Abstract

Scattering of elastic waves by structural inhomogeneities such as cylindrical cavities has been a subject of intensive study for decades. The time-harmonic elastodynamic analysis making use of the wave function expansions is one of the typical approaches for such problems, and since it gives semianalytical solutions that may show the effect of parameters of the problem rather explicitly, it is still repeatedly used in the study of dynamic response of elastic structures including inhomogeneities. Here, motivated by the observation of the unique underground structural failure patterns caused by the 1995 Hyogo-ken Nanbu (Kobe), Japan, earthquake, we analyze scattering of a plane harmonic body wave by a uniformly lined circular tunnel (cylinder), and from the structural failure patterns we evaluate possible mechanical characteristics of the associated incident seismic waves.

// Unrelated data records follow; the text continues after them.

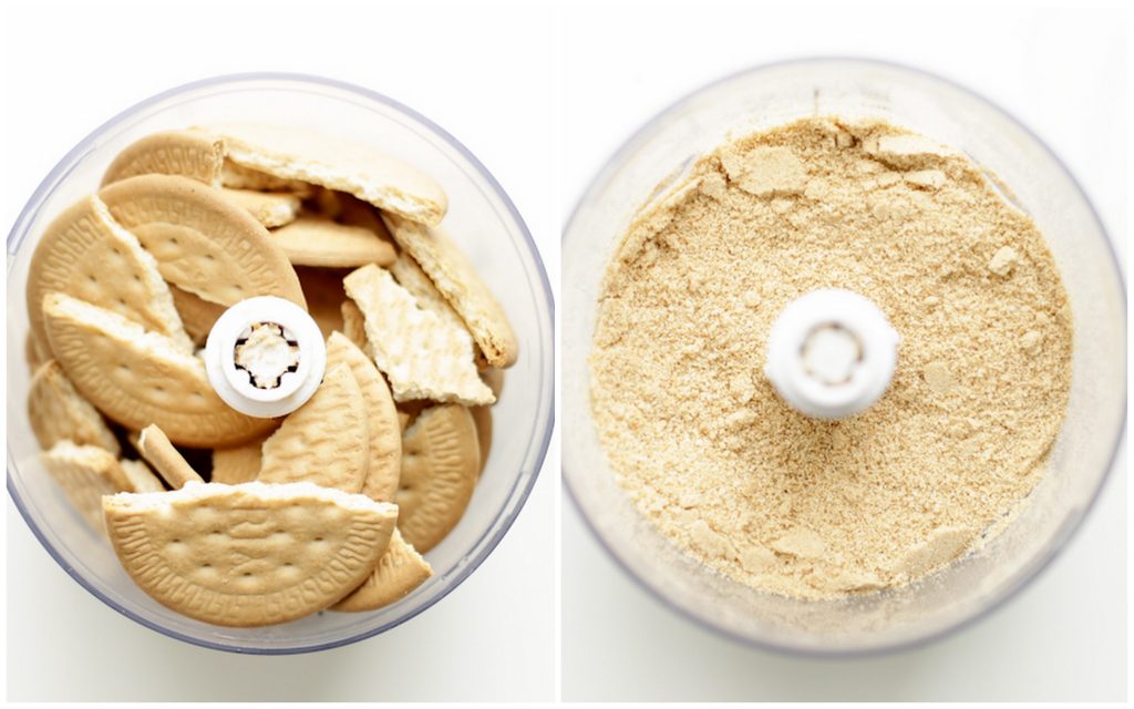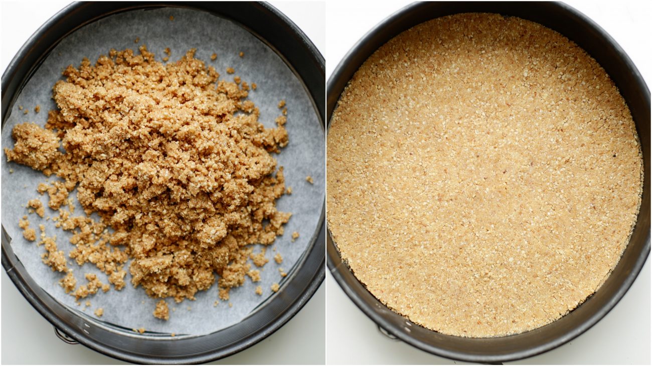 Schep de koekjesdeeg in de bakvorm en druk het goed tegen de bodem aan. Dek het af en leg het in de koelkast (10 tot 15 minuten).
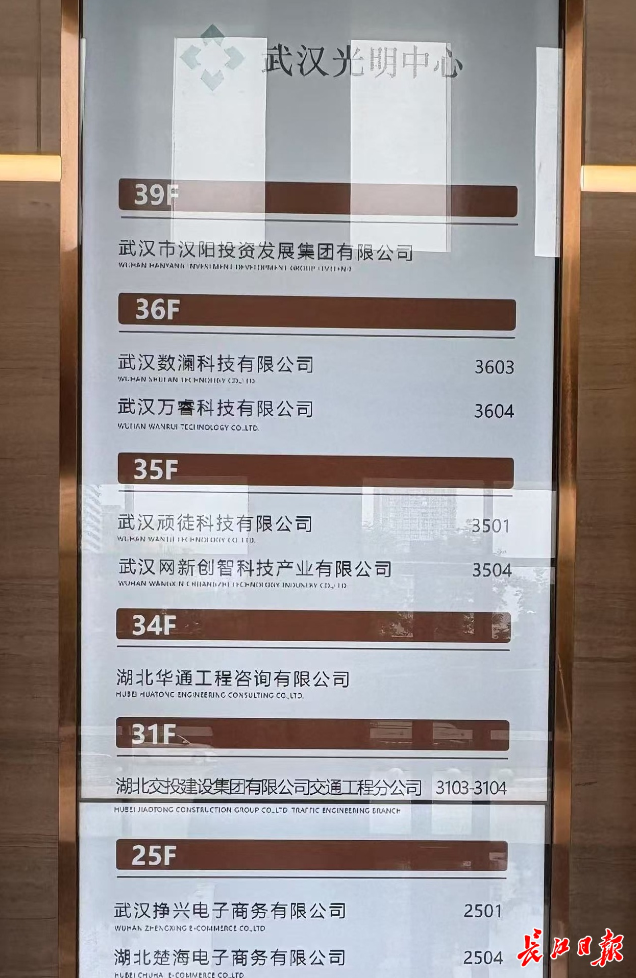 记者在写字楼内的楼层索引里看到,除了万睿科技,还有中建三局、中铁十一局、汉阳科创院、汉阳投发集团、康明斯、数澜科技等央国企、世界500强、数字经济与科技创新产业头部企业入驻。
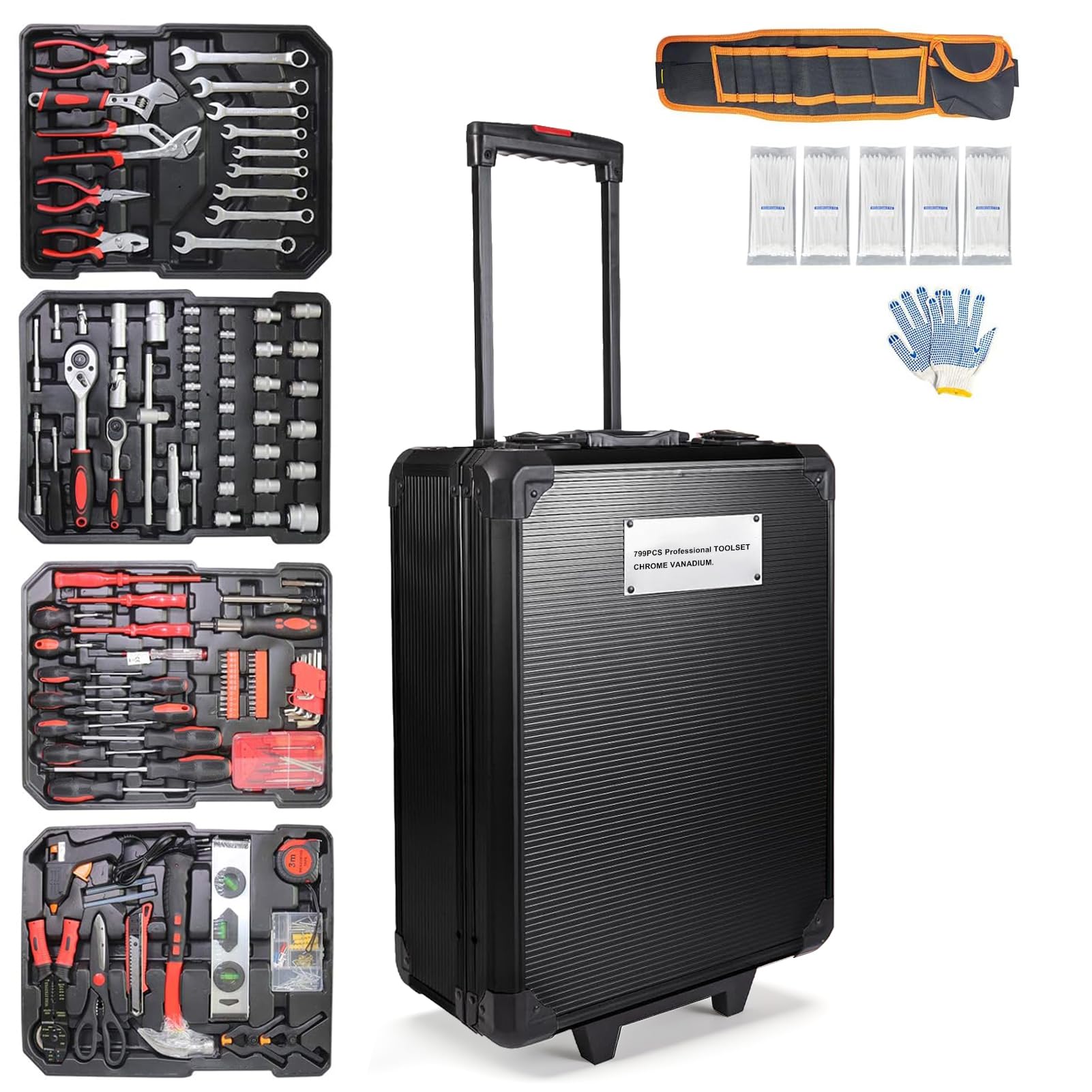 Arcwares 799pcs Aluminum Trolley Case Tool Set Silver, House Repair Kit Set, Household Hand Tool Set, with Tool Belt,Gift on Father's Day (Black)

In the two-dimensional, in-plane time-harmonic elastodynamic model employed, the lined circular tunnel may be located at a finite depth from an approximate flat free surface of a homogeneous isotropic linear elastic medium (half-space), and the plane wave impinges upon the tunnel at an arbitrary incident angle. We compare the effect of P and SV wave incidences by calculating the dynamic amplification of stresses and displacements around this simplified tunnel, and also show the influence of the wavelength and the incident angle of the plane wave, the overburden thickness, and the relative compliance of the linear elastic lining with respect to the surrounding medium. The results suggest that the observed underground structural failures, the exfoliation of the lining concrete and buckling of the reinforcing steel bars on the sidewall as well as the detachment of the subgrade from the invert, might have been induced by the incidence of P waves in a relatively high frequency range.